SCOTUS Holds Highly Compensated Employees Must Be Paid on a Salary Basis

On Feb. 22, 2023, the Supreme Court of the United States held that certain highly compensated employees are entitled to overtime under the Fair Labor Standards Act (FLSA) if they are not paid on a salary basis. 

In Helix Energy Solutions Group, Inc. et al. v. Hewitt, 598 U.S. ____ (2023), an oil rig supervisor earning over $200,000 per year sued for overtime, because he was paid a daily rate, as opposed to a weekly, predetermined salary. Helix Energy defended on the grounds that Hewitt was an exempt executive employee — in fact, a highly compensated exempt executive employee. 

The dispute throughout the litigation was whether Hewitt met the requirement under Department of Labor regulations of being paid on a salary basis. With Justice Kagan delivering the majority opinion, the Supreme Court held:

  • To qualify as an exempt highly compensated employee or an exempt executive employee, the salary basis requirement must be met;
  • A traditional “salary basis” compensation structure as defined in 29 C.F.R. § 541.602(a) is met only when the worker is guaranteed the minimum required amount ($684) on a weekly basis; and
  • Daily-rate employees can satisfy this salary basis test, but only if the requirements of § 541.604(b) are met — namely, that the employee’s wages include a guaranteed minimum amount they receive “regardless of the number of … days or shifts worked, and a reasonable relationship exists between the guaranteed amount and the amount actually earned.”

The Supreme Court rejected Helix Energy’s contention that Hewitt met the salary basis requirements of § 541.602(a) merely because he always received more than the required minimum salary amount on his biweekly paychecks. Justice Kavanaugh’s dissent argued the case should have been dismissed because Hewitt’s daily pay of $963 far exceeded the required minimum weekly salary amount. Justice Kagan dismissed this as “a non-sequitur to end all non-sequiturs” based on the text of § 541.602(a), which defines “salary basis” as a “predetermined amount” and a “full weekly salary” to which the worker is entitled “without regard to [the] number … of days or hours” worked. “Nothing in that description fits a daily-rate worker, who by definition is paid for each day he works and no others,” Justice Kagan explained.
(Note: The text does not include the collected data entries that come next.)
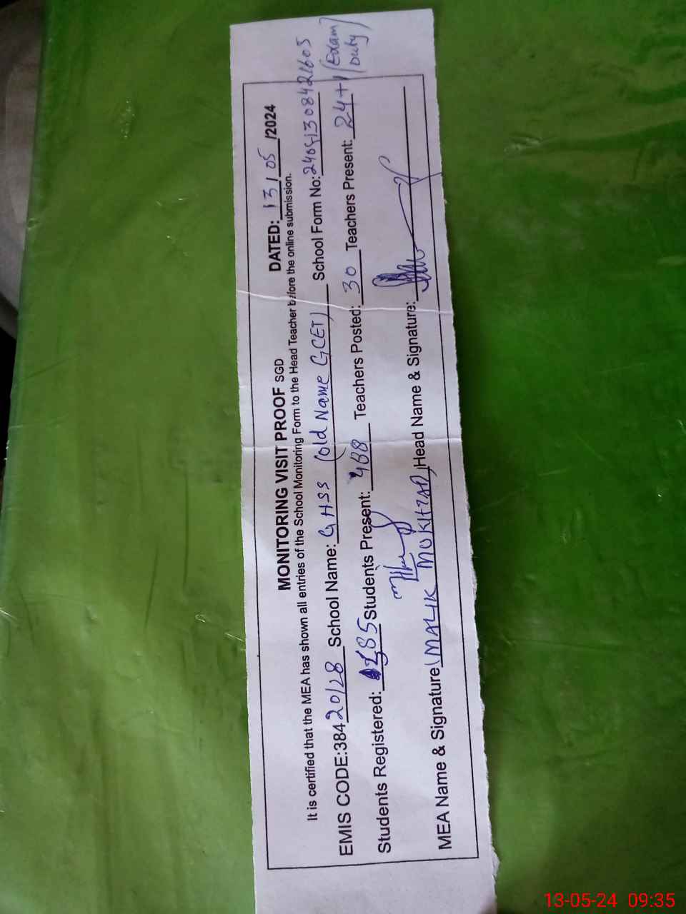 | EMIS Code: 38420128 | Name of School: GHSS SARGODHA (Old name GCET) | |||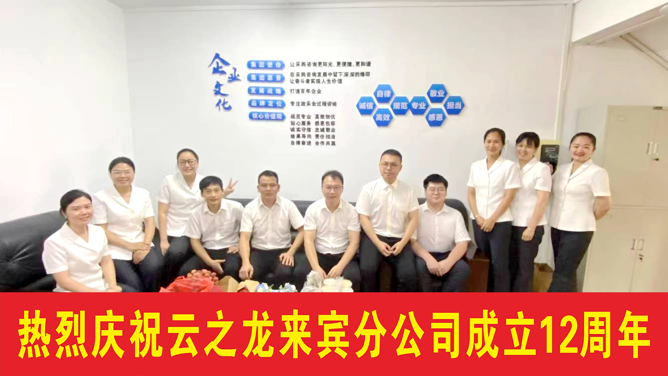 來賓分公司是云之龍咨詢集團直屬分公司,12年來緊跟時代步伐,與時俱進,不斷提升自身的業(yè)務技能,提高服務水平,在業(yè)界創(chuàng)下了良好口碑,贏得廣大客戶的高度肯定,為來賓市政府采購事業(yè)作出積極貢獻。
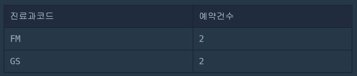 [mysql/oracle] 진료과별 총 예약 횟수 출력하기

In other words, no matter how high the rate of compensation, § 541.602(a) is not met unless “the paycheck reflects how many weeks—not days or hours—he has worked.” 

The Supreme Court also rejected Helix Energy’s policy-based argument that this interpretation would lead to windfalls for highly compensated employees, countering that an opposite interpretation of the salary basis requirement would result in many traditionally day-rate earners losing the benefit of overtime, such as nurses. That is because the salary basis requirement — and the reasoning of the Helix decision — applies equally to executive employees who are considered “highly compensated” and those who are not.

Takeaways for Employers

In sum, the Supreme Court confirmed there is a difference between the highly compensated employee exemption for those with annual compensation of $107,432 or more and the general executive employee exemption for those earning under that amount — “it just has nothing to do with the salary-basis requirement.” The duties test is relaxed for the highly compensated employee, but not the minimum salary requirement. 

This case highlights the importance of being able to demonstrate compliance with every single element of the exemption exactly as set forth in the regulations. Accordingly, employers should review their compensation structures for exempt employees carefully to ensure the salary basis and duties tests are met to minimize the risk of expensive overtime claims by highly compensated employees. How employees are paid could dramatically affect how much they ultimately cost an employer.